Julie Capozzi, a fellow professor at Mount Wachusett, said that Shivers is beloved by her students and “has many students taking her for as many courses as she teaches.”

The groups receiving the 2020 Kathleen Roberts Creative Leadership Awards also have a record of fighting for public education — and for equity.

bsu logoThe Black students who brought back the dormant Black Student Union at Cambridge Rindge and Latin in 2017 faced significant obstacles as they sought to revive an extracurricular student club in a city still struggling with racism, wrote Kevin Dua, a history teacher at the school and adviser to the group, in his letter of nomination.

Dua, a past recipient of the Kathleen Roberts Creative Leadership Award himself and the 2017 Massachusetts History Teacher of the Year, wrote that the group epitomizes “the cores of volunteerism and leadership that characterized Roberts’ selfless contributions via political action, community organizing and mentoring.”

While past and current members of the BSU have faced “ongoing discrimination, harassment, prejudice, ageism and racism” within their own community, he wrote, the students have persisted in the belief that creating a “safe, brave space for Black youth, in and out of their school building,” was worth it. In social justice and antiracism work, he added, “These Black student leaders have made an overwhelmingly positive impact and legacy on the lives of others.”

Juliette Low Fleury, a co-founder of the group and a graduate of Cambridge Rindge and Latin, wrote in support of the nomination, “What this group has evolved into has become an empowering, direct source for Black students, and, indirectly, for white students and students of color to recognize their privilege and support to ensure an equitable environment for their classmates.”

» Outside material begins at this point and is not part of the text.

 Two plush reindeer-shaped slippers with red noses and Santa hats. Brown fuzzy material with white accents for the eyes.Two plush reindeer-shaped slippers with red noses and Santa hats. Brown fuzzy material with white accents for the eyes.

The Sutton High School Connections Program is a student, staff and community initiative that addresses social justice issues.

The Connections Program in Sutton is active in promoting social justice.

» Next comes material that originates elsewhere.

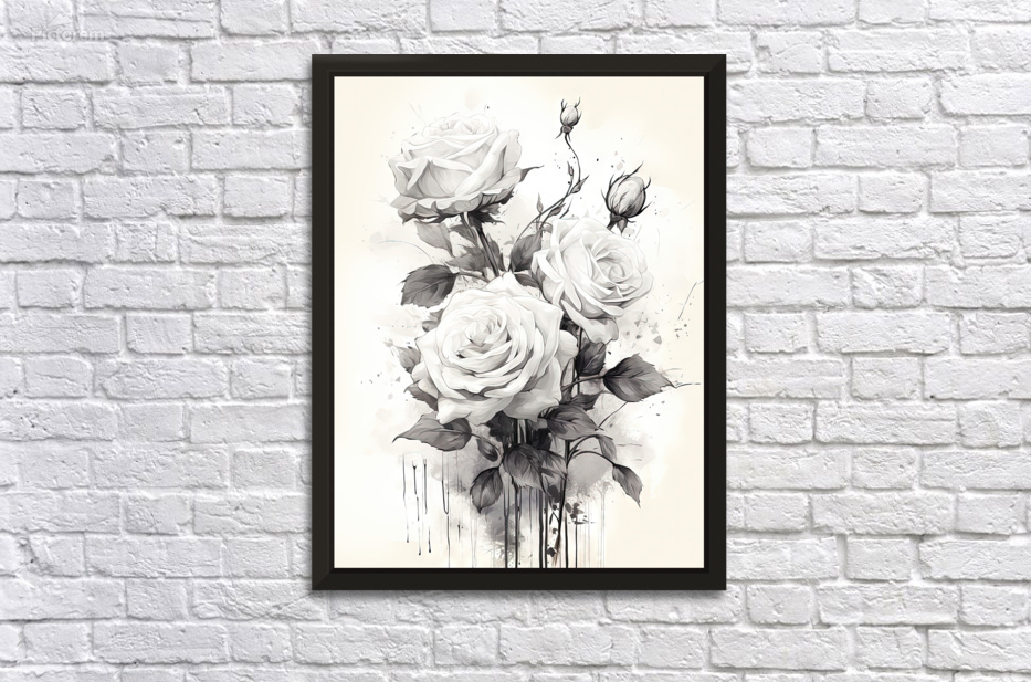 Monochrome Bouquet: Rose in Perpetuity Picture Frame Printing

Forty students and seven educators make up the program, which works with others in the community to learn, confront issues of social injustice and teach about acceptance, tolerance, diversity, and privilege.

Michael Whittier, co-president of the Sutton Teachers Association, nominated the group. He wrote as an educator at the high school, but also as a member of the community and the father of a student whose world view has been shaped by the program.

“Ours is a community of privilege,” Whittier wrote, and “a very conservative community by Massachusetts standards.” Sutton is “the last place that such a program might exist,” he wrote, “but most certainly a place that it is needed.” He added that the program fostered his daughter’s engagement in social justice efforts and developed her leadership skills while she was a student.

Over the last couple of years, the group has expanded its powerful social justice mission, initiating the Connections Conference, known as the “ConCon.” In 2019 the ConCon brought in more than 500 students and educators from 37 schools around New England. Last year’s ConCon, scheduled for March, had grown to include more than 800 participants from 50 schools.

The students were devastated when the event had to be canceled due to the COVID-19 pandemic. But Connections participants continued meeting remotely after in-person instruction ended — and the group is planning for either an in-person or virtual ConCon this year.